Milan’s own policies on public land management and canteen procurement found echoes in Nantes Metropole’s work, but the visit added a new layer: seeing how local authorities, farmers, and schools collaborate not only to supply food, but to educate students and foster a deeper connection between food, land, and learning.
Both Milan and Oostende were also struck by the Metropolis’ practical approach to working with the land as it is. Rather than imposing visions of food production, Nantes Metropole begins by mapping the true capacity of its territory. Much of the land around the city is wet and not well-suited for intensive vegetable or cereal production. Nantes has embraced its strengths, supporting cattle farming that aligns with ecological grazing and helps preserve the biodiversity of wetlands. This approach is then matched by matching food demand accordingly, particularly through public procurement. For the visiting cities, this was a refreshing reversal of the usual logic: rather than forcing land to meet demand, Nantes Metropole adapts demand to what the land can sustainably offer.
Another key takeaway was the scale and coherence of the local food network. Milan and Oostende were impressed not only by the diversity of actors involved – from farmers and cooperatives to education centres, social integration projects, markets, NGOs and public institutions – but by how genuinely engaged they were. Each actor had a clear role and connection to the broader food strategy, and their sense of ownership was palpable. As one delegate noted, it felt less like a policy and more like a living system knit together through years of trust-building, shared goals, and mutual respect.
Kathy Belpaeme Food Policy Officer in Oostende captured this sentiment: “Nantes demonstrates on a practical level how food can be a driver for a sustainable city and society, where farmers have a crucial place and organic food can feed nature and people.” Oostende’s own food work has gained momentum in recent years, and seeing how Nantes Metropole ties together land use, education, and economic inclusion provided a blueprint to aspire to.
Nantes demonstrates on a practical level how food can be a driver for a sustainable city and society, where farmers have a crucial place and organic food can feed nature and people.
Travelling seeds
What Nantes has built is a model to adapt with several core practices standing out as particularly transferable. The land-matching and farm incubator programmes provide practical support for a new generation of farmers offering access to land, technical guidance, and investment aid thus providing a strong response to the ageing of the farming population. The ‘1 farm, 1 school’ initiative, with its modest €28,000 starting budget, demonstrates how even small investments in food education can create long-term links between producers and communities.

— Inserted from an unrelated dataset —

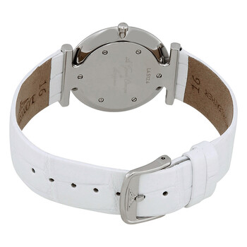 Stainless steel case with a white (alligator) leather strap. Fixed stainless steel bezel. White mother of pearl dial with black hands. No markers. Dial Type: Analog. Longines calibre L420 quartz movement. Scratch resistant sapphire crystal. Pull / push crown. Solid case back. Round case shape. Case size: 29 mm. Band width: 16 mm. Tang clasp. Water resistant at 30 meters / 100 feet. Functions: hour, minute. Dress watch style. Watch label: Swiss Made. Longines La Grande Classique de Longines White Mother of Pearl Dial Ladies Watch L45124052.

Nantes shows how public procurement can serve both as a reliable market for local farmers and as a tool for education, linking producers to school canteens while also using food supply to teach children about sustainability and healthy eating. It’s a strategy that any city can begin to explore.
Equally important is governance. Nantes Metropole has experimented with deliberative food councils, thematic workshops, and co-designed actions. These mechanisms, though evolving, offer valuable lessons for how to structure participation, build trust, and align diverse actors around shared goals.
Nantes Metropole already has plans to go further, possibly expanding the incubator to cattle farming, strengthening educational partnerships, and refining its climate adaptation strategies. As Milan and Oostende left the fields they took home ideas and intentions the study visit planted.